Data section below:
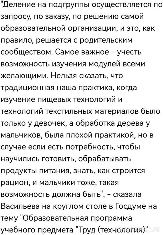 Как многие уже знают, в школах с началом этого учебного года вернули урок Труда, технологию. Но сделали этот урок модульным, то есть прописали что должно быть обязательно в этой дисциплине. Также законодательно объявили что форма проведения урока должна решаться с родителями, то есть захочет мальчик узнать технологию производства кулинарных блюд, то может посещать эти занятия. В этом состоит большой вопрос должно ли быть разделение на подгруппы для изучения разных предметов или это будет разделение по гендерному принципу. Как стало известно от Минпросвещения механика урока Труд отдается на усмотрение образовательных организаций, если родители не будут против, то урок технологии будет проводится отдельно для мальчиков и девочек, если примут решение за совместное ведение, то без разделения на подгруппы.
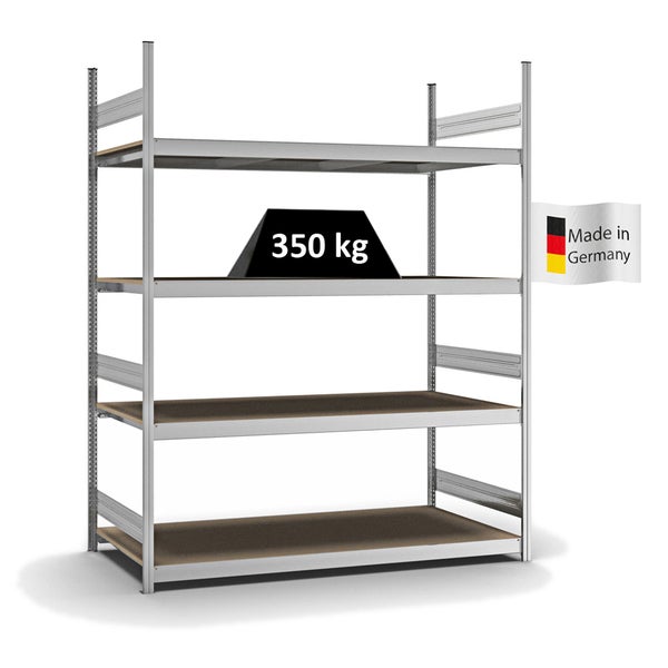 PROREGAL Weitspannregal Stecksystem T-Profil Grundregal HxBxT 250x200x80 cm 4 Ebenen Spanplatten Fachboden Fachlast 350 kg Verzinkt
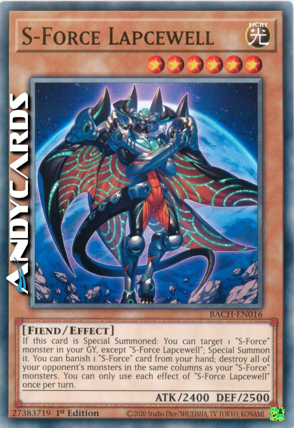 If this card is Special Summoned: You can target 1 "S-Force" monster in your GY, except "S-Force Lapcewell"; Special Summon it. You can banish 1 "S-Force" card from your hand; destroy all of your opponent's monsters in the same columns as your "S-Force" monsters. You can only use each effect of "S-Force Lapcewell" once per turn.
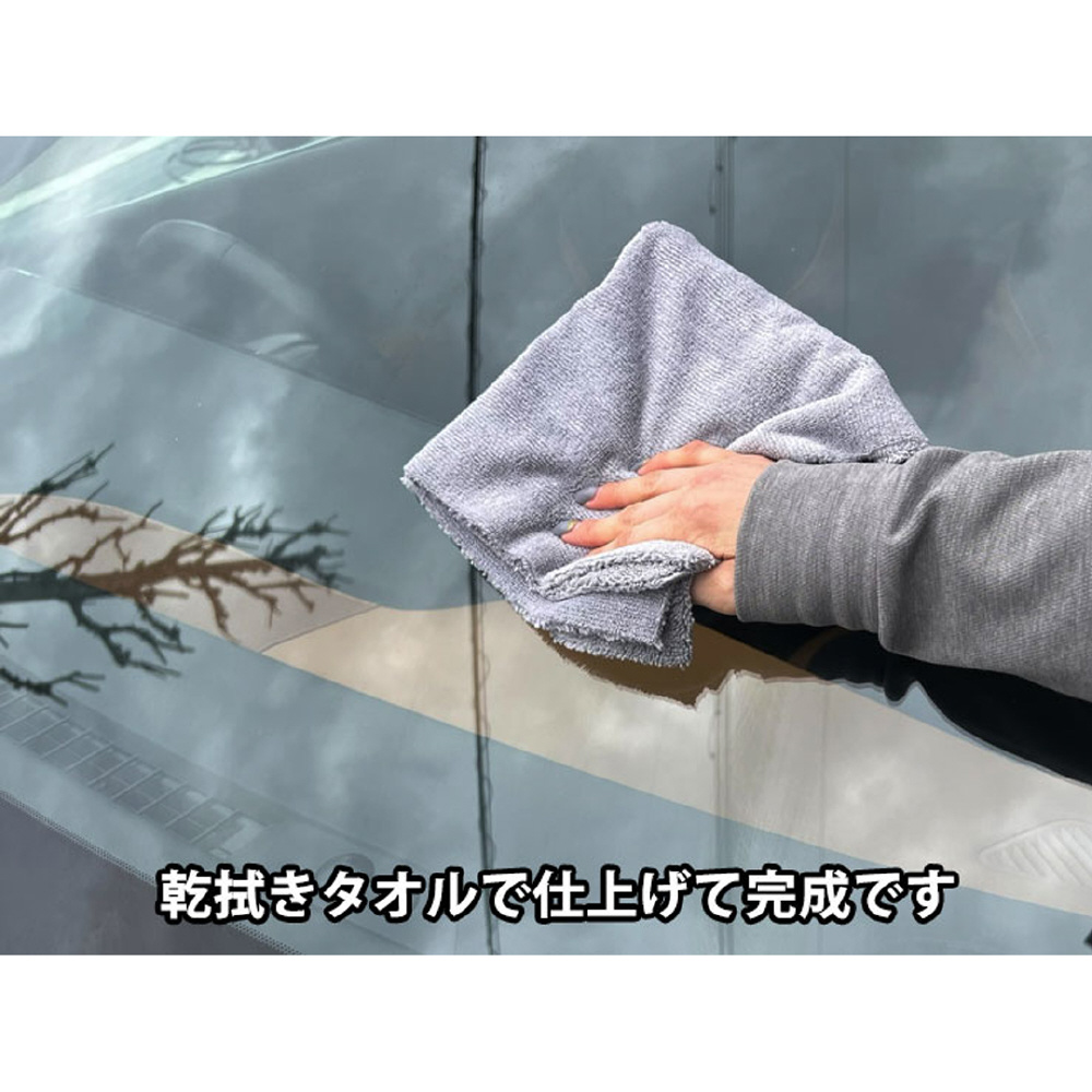 超撥水タイプのガラス用撥水剤です。洗車後に、スプレーして拭き上げるだけで撥水効果を付与します。
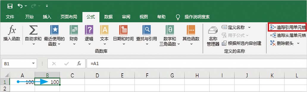 关于这一点,看到Excel界面的“追踪引用单元格”功能就明白了。图标上的箭头指向“对现在择取的单元格数值产生影响的单元格”。例如,选择B1后,在“公式”选项卡中点击“追踪引用单元格”,会出现图中的箭头。
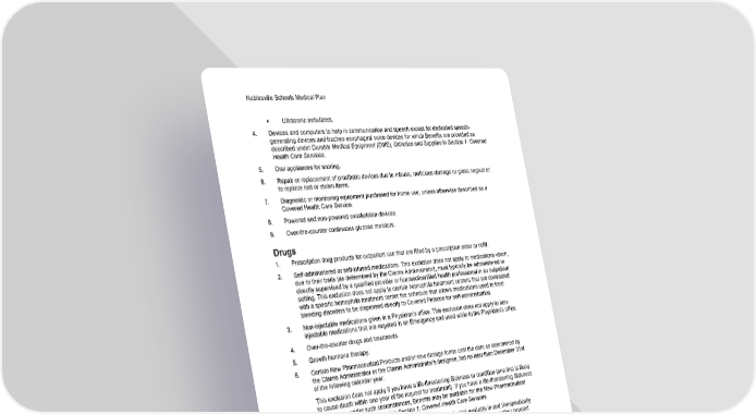 Noblesville Schools Medical Plan 58 Section 2: Exclusions and Limitations ▪ Ultrasonic nebulizers. 4. Devices and computers to help in communication and speech except for dedicated speech- generating devices and tracheo-esophageal voice devices for which Benefits are provided as described under Durable Medical Equipment (DME), Orthotics and Supplies in Section 1: Covered Health Care Services. 5. Oral appliances for snoring. 6. Repair or replacement of prosthetic devices due to misuse, malicious damage or gross neglect or to replace lost or stolen items. 7. Diagnostic or monitoring equipment purchased for home use, unless otherwise described as a Covered Health Care Service. 8. Powered and non-powered exoskeleton devices. 9. Over-the-counter continuous glucose monitors. Drugs 1. Prescription drug products for outpatient use that are filled by a prescription order or refill. 2. Self-administered or self-infused medications. This exclusion does not apply to medications which, due to their traits (as determined by the Claims Administrator), must typically be administered or directly supervised by a qualified provider or licensed/certified health professional in an outpatient setting. This exclusion does not apply to certain hemophilia treatment centers that are contracted with a specific hemophilia treatment center fee schedule that allows medications used to treat bleeding disorders to be dispensed directly to Covered Persons for self-administration. 3. Non-injectable medications given in a Physician's office. This exclusion does not apply to non- injectable medications that are required in an Emergency and used while in the Physician's office. 4. Over-the-counter drugs and treatments. 5. Growth hormone therapy. 6. Certain New Pharmaceutical Products and/or new dosage forms until the date as determined by the Claims Administrator or the Claims Administrator's designee, but no later than December 31st of the following calendar year. This exclusion does not apply if you have a life-threatening Sickness or condition (one that is likely to cause death within one year of the request for treatment). If you have a life-threatening Sickness or condition, under such circumstances, Benefits may be available for the New Pharmaceutical Product to the extent provided in Section 1: Covered Health Care Services. 7. A Pharmaceutical Product that contains (an) active ingredient(s) available in and therapeutically equivalent (having essentially the same efficacy and adverse effect profile) to another covered Pharmaceutical Product. Such determinations may be made up to six times during a calendar year. 8. A Pharmaceutical Product that contains (an) active ingredient(s) which is (are) a modified version of and therapeutically equivalent (having essentially the same efficacy and adverse effect profile) to another covered Pharmaceutical Product. Such determinations may be made up to six times during a calendar year. 9. A Pharmaceutical Product with an approved biosimilar or a biosimilar and therapeutically equivalent (having essentially the same efficacy and adverse effect profile) to another covered Pharmaceutical Product. For the purpose of this exclusion a "biosimilar" is a biological Pharmaceutical Product approved based on showing that it is highly similar to a reference product (a biological Pharmaceutical Product) and has no clinically meaningful differences in terms of safety and effectiveness from the reference product. Such determinations may be made up to six times per calendar year.
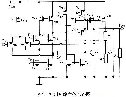閉環(huán)控制系統(tǒng)的主體電路如圖2所示,VM1~VM8組成折疊式的誤差放大器,VM9~VM10組成單級的電流鏡作為負(fù)載,這樣做的好處就是采用10 pF左右的補償電容就可以使系統(tǒng)達到穩(wěn)定。VM5~VM14和VQ組成級間緩沖級。R1和R2組成反饋網(wǎng)絡(luò),其中
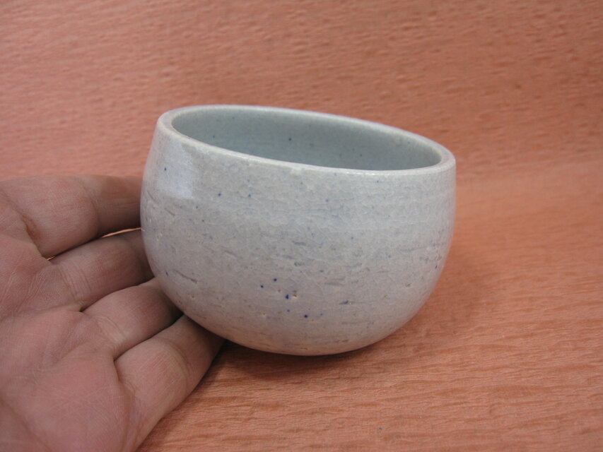 陶器の揺れる(ロッキング)ロックグラスです.ブランデーグラスでもいいかと思います.釉薬は薄い青で,飲み物の色にあまり影響しないはずです.ガラス・クリスタルとは明らかに触感の違う陶器っぽさをお楽しみください.
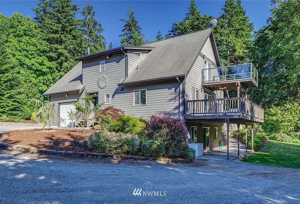 Wonderful home on a VERY private 2 1/2 acre wooded lot. This home has an extra-large master bed room and bath with a private deck. Three bdrms, loft & office. The ground level has a quaint 1 bedroom mother-in-law apartment with separate kitchen, laundry and a private entrance. Great open living / dining area with large deck that is perfect for entertain. The lot has a huge amount of parking space and is perfect for little ones and pets to play all day.
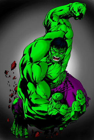 Here is the finished piece of the Hulk my friend wanted me to draw. I love the way it turned out. Pencils, inks and coloring all done by me.Peace.
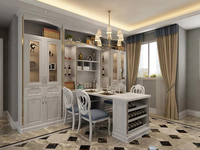 餐廳采用餐桌椅+餐酒櫃的組合,非常實用。餐桌的選擇比較簡單,用戶根據自己的喜好和戶型面積,選擇餐桌的形狀(方桌或是圓桌)、餐桌的大小,以及餐桌的材質。餐椅的選擇則更加豐富多樣,顏值上跟餐桌搭配,坐起來舒適即可。
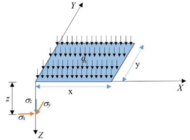 Vertical normal stresses in an infinite ground mass generated by the action of a uniform horizontal distributed load () on a rectangular area (Figure 13) can be calculated under a corner (of loaded surface) to z depth using the following expressions [31]:
End of Data section.
* [Requirement]: Restate the records in full and word for word, but keep the pictures out.

* [Response]:
 Как многие уже знают, в школах с началом этого учебного года вернули урок Труда, технологию. Но сделали этот урок модульным, то есть прописали что должно быть обязательно в этой дисциплине. Также законодательно объявили что форма проведения урока должна решаться с родителями, то есть захочет мальчик узнать технологию производства кулинарных блюд, то может посещать эти занятия. В этом состоит большой вопрос должно ли быть разделение на подгруппы для изучения разных предметов или это будет разделение по гендерному принципу. Как стало известно от Минпросвещения механика урока Труд отдается на усмотрение образовательных организаций, если родители не будут против, то урок технологии будет проводится отдельно для мальчиков и девочек, если примут решение за совместное ведение, то без разделения на подгруппы.
 PROREGAL Weitspannregal Stecksystem T-Profil Grundregal HxBxT 250x200x80 cm 4 Ebenen Spanplatten Fachboden Fachlast 350 kg Verzinkt
 If this card is Special Summoned: You can target 1 "S-Force" monster in your GY, except "S-Force Lapcewell"; Special Summon it. You can banish 1 "S-Force" card from your hand; destroy all of your opponent's monsters in the same columns as your "S-Force" monsters. You can only use each effect of "S-Force Lapcewell" once per turn.
 超撥水タイプのガラス用撥水剤です。洗車後に、スプレーして拭き上げるだけで撥水効果を付与します。
 关于这一点,看到Excel界面的“追踪引用单元格”功能就明白了。图标上的箭头指向“对现在择取的单元格数值产生影响的单元格”。例如,选择B1后,在“公式”选项卡中点击“追踪引用单元格”,会出现图中的箭头。
 Noblesville Schools Medical Plan 58 Section 2: Exclusions and Limitations ▪ Ultrasonic nebulizers. 4. Devices and computers to help in communication and speech except for dedicated speech- generating devices and tracheo-esophageal voice devices for which Benefits are provided as described under Durable Medical Equipment (DME), Orthotics and Supplies in Section 1: Covered Health Care Services. 5. Oral appliances for snoring. 6. Repair or replacement of prosthetic devices due to misuse, malicious damage or gross neglect or to replace lost or stolen items. 7. Diagnostic or monitoring equipment purchased for home use, unless otherwise described as a Covered Health Care Service. 8. Powered and non-powered exoskeleton devices. 9. Over-the-counter continuous glucose monitors. Drugs 1. Prescription drug products for outpatient use that are filled by a prescription order or refill. 2. Self-administered or self-infused medications. This exclusion does not apply to medications which, due to their traits (as determined by the Claims Administrator), must typically be administered or directly supervised by a qualified provider or licensed/certified health professional in an outpatient setting. This exclusion does not apply to certain hemophilia treatment centers that are contracted with a specific hemophilia treatment center fee schedule that allows medications used to treat bleeding disorders to be dispensed directly to Covered Persons for self-administration. 3. Non-injectable medications given in a Physician's office. This exclusion does not apply to non- injectable medications that are required in an Emergency and used while in the Physician's office. 4. Over-the-counter drugs and treatments. 5. Growth hormone therapy. 6. Certain New Pharmaceutical Products and/or new dosage forms until the date as determined by the Claims Administrator or the Claims Administrator's designee, but no later than December 31st of the following calendar year. This exclusion does not apply if you have a life-threatening Sickness or condition (one that is likely to cause death within one year of the request for treatment). If you have a life-threatening Sickness or condition, under such circumstances, Benefits may be available for the New Pharmaceutical Product to the extent provided in Section 1: Covered Health Care Services. 7. A Pharmaceutical Product that contains (an) active ingredient(s) available in and therapeutically equivalent (having essentially the same efficacy and adverse effect profile) to another covered Pharmaceutical Product. Such determinations may be made up to six times during a calendar year. 8. A Pharmaceutical Product that contains (an) active ingredient(s) which is (are) a modified version of and therapeutically equivalent (having essentially the same efficacy and adverse effect profile) to another covered Pharmaceutical Product. Such determinations may be made up to six times during a calendar year. 9. A Pharmaceutical Product with an approved biosimilar or a biosimilar and therapeutically equivalent (having essentially the same efficacy and adverse effect profile) to another covered Pharmaceutical Product. For the purpose of this exclusion a "biosimilar" is a biological Pharmaceutical Product approved based on showing that it is highly similar to a reference product (a biological Pharmaceutical Product) and has no clinically meaningful differences in terms of safety and effectiveness from the reference product. Such determinations may be made up to six times per calendar year.
閉環(huán)控制系統(tǒng)的主體電路如圖2所示,VM1~VM8組成折疊式的誤差放大器,VM9~VM10組成單級的電流鏡作為負(fù)載,這樣做的好處就是采用10 pF左右的補償電容就可以使系統(tǒng)達到穩(wěn)定。VM5~VM14和VQ組成級間緩沖級。R1和R2組成反饋網(wǎng)絡(luò),其中
 陶器の揺れる(ロッキング)ロックグラスです.ブランデーグラスでもいいかと思います.釉薬は薄い青で,飲み物の色にあまり影響しないはずです.ガラス・クリスタルとは明らかに触感の違う陶器っぽさをお楽しみください.
 Wonderful home on a VERY private 2 1/2 acre wooded lot. This home has an extra-large master bed room and bath with a private deck. Three bdrms, loft & office. The ground level has a quaint 1 bedroom mother-in-law apartment with separate kitchen, laundry and a private entrance. Great open living / dining area with large deck that is perfect for entertain. The lot has a huge amount of parking space and is perfect for little ones and pets to play all day.
 Here is the finished piece of the Hulk my friend wanted me to draw. I love the way it turned out. Pencils, inks and coloring all done by me.Peace.
 餐廳采用餐桌椅+餐酒櫃的組合,非常實用。餐桌的選擇比較簡單,用戶根據自己的喜好和戶型面積,選擇餐桌的形狀(方桌或是圓桌)、餐桌的大小,以及餐桌的材質。餐椅的選擇則更加豐富多樣,顏值上跟餐桌搭配,坐起來舒適即可。
 Vertical normal stresses in an infinite ground mass generated by the action of a uniform horizontal distributed load () on a rectangular area (Figure 13) can be calculated under a corner (of loaded surface) to z depth using the following expressions [31]:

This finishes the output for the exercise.